--- INFORMATION SUPPLIED ---
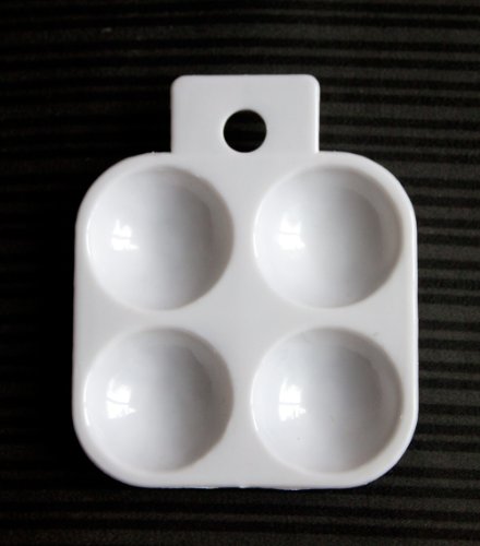 -. Feature : Small size perfect design for kids. Suitable for all water based media. / Palette Dimension : 3.3 x 3.3 inches (8.5 x 8.5 cm) / All you need is your imagination to start creating a variety of projects / Made of molded white plastic, it is durable and easy to clean / plastic palette contains four shallow wells for paint mixing
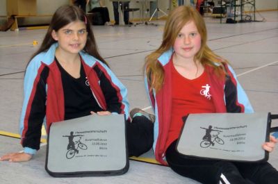 Bild unten: Mit neuen T-Shirts und chicen Taschen: Nina und Hanna nach der Siegerehrung
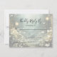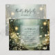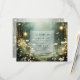 Ethereal forest path of flowers and trees are featured in this magical enchanted sage green wedding rsvp, with glowing lights.
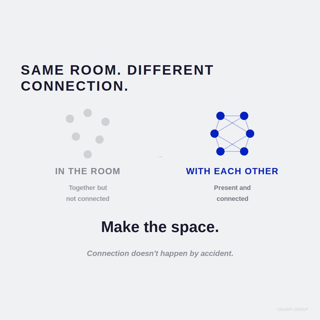 I think about this a lot for you too. You probably don't need a two-day offsite. You need five minutes before your next meeting where you actually check in with each other. Not the project. Each other.
---
An exact copy of the listing is required, excluding any pictures.

ANSWER TO THIS PROBLEM>
 -. Feature : Small size perfect design for kids. Suitable for all water based media. / Palette Dimension : 3.3 x 3.3 inches (8.5 x 8.5 cm) / All you need is your imagination to start creating a variety of projects / Made of molded white plastic, it is durable and easy to clean / plastic palette contains four shallow wells for paint mixing
 Bild unten: Mit neuen T-Shirts und chicen Taschen: Nina und Hanna nach der Siegerehrung
 Ethereal forest path of flowers and trees are featured in this magical enchanted sage green wedding rsvp, with glowing lights.
 I think about this a lot for you too. You probably don't need a two-day offsite. You need five minutes before your next meeting where you actually check in with each other. Not the project. Each other.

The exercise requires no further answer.